(Archived Content)
WASHINGTON - Economic growth accelerated during the first quarter of 2013. The advance estimate by the Bureau of Economic Analysis (BEA), released late last week, showed that real GDP increased by 2.5 percent at an annual rate, following a 0.4 percent increase during the final quarter of 2012. The pickup in growth during the first quarter reflected faster growth of consumer spending, a large increase in inventories, and a smaller drag from declining government outlays.

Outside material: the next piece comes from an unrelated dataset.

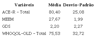 Em geral, a amostra foi composta por idosos com elevado desempenho cognitivo (ACE-R e MEEM), baixo número de sintomas depressivos (GDS) e médias elevadas em qualidade de vida (WHOQOL-OLD) (Tabela 2).
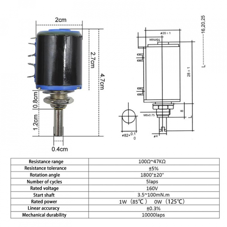 POTENZIOMETRO MULTIGIRI A FILO DI PRECISIONE 4,7K OHM 1W 5%

Growth of real consumer spending strengthened to a 3.2 percent annual rate in the first quarter from a 1.8 percent pace in the fourth quarter despite the expiration of the temporary payroll tax cut. A weather-related increase in utilities consumption contributed to the stronger pace of growth, but even excluding utilities consumer spending grew at a faster pace in early 2013. Farm inventories increased sharply in the first quarter as agricultural output rebounded after last year’s drought. Altogether the change in private inventories contributed 1 percentage point to first-quarter GDP growth, a marked turnaround from the fourth quarter, when inventories subtracted 1.5 percentage points from growth. Government spending continued to decline but weighed less heavily on growth than in the fourth quarter, when federal defense expenditures fell by more than at any time since the early 1970s. Growth of private fixed investment slowed in the first quarter, mainly reflecting a moderation in the pace of business plant and equipment spending. The trade deficit widened as imports rose faster than exports, subtracting 0.5 percentage point from real GDP growth.
Growth of final sales to private domestic purchasers – the sum of consumption, business fixed investment, and residential investment – remained solid at a 3.3 percent annual rate in the first quarter. This measure of underlying private demand has grown at an average annual rate of roughly 3 percent over the past three years, exceeding headline GDP growth of just over 2 percent. Government consumption and investment has fallen at a 2.3 percent pace over the past three years, partly reflecting fiscal tightening at the federal level.
The United States has managed a steady pace of fiscal withdrawal of about 1 percentage point of GDP per year on average since FY2009, with the federal budget deficit falling from a peak of 10.1 percent of GDP to 7.0 percent in FY 2012. More than $2.5 trillion in deficit reduction measures have been enacted over the past two years, not including the $1.2 trillion sequester that took effect in March. The Administration’s FY 2014 Budget proposal would replace the sequester and reduce the deficit by an additional $1.8 trillion over the next decade, bringing the total amount of deficit reduction to roughly $4.3 trillion. The combination of proposed deficit reduction measures and stronger expected U.S. economic growth is projected to put our national debt on a declining path as a share of the economy and lower the deficit to less than 2 percent of GDP by 2023.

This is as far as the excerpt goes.